━━━ INFORMATION GIVEN

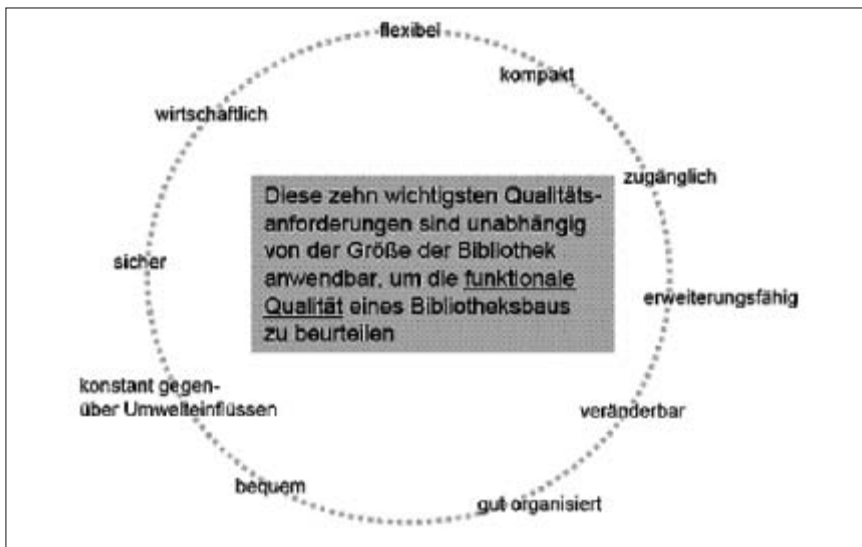
Abb. 1: Die Faulkner-Brownschen Gesetze.

Faulkner-Brown bezeichnet seinen Planungsansatz für Bibliotheksbauten als ‚Offenen Plan‘ ( open plan ), offen für Gestaltungsvarianten und Veränderungen. Diese zehn Regeln, die man auch die „Faulkner-Brownschen Gesetze“ nennt, sind nach Harry Faulkner-Brown unabhängig von der Größe der Bibliothek anwendbar, um die funktionale Qualität eines Bibliotheksbaus zu beurteilen:
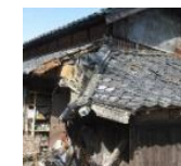
緊急代執行を要する崩落しかけた屋根
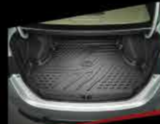
KHAY HÀNH LÝ
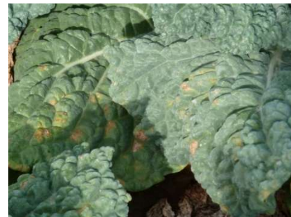
Taches de mildiou sèches

━━━━━━

• **WHAT THE TASK REQUIRES**: Could you repeat exactly the lines from the one containing "緊急代執行を要する崩落しかけた屋根" through the last line of the records, both included, without the pictures?

• **REPLY**:
緊急代執行を要する崩落しかけた屋根
KHAY HÀNH LÝ
Taches de mildiou sèches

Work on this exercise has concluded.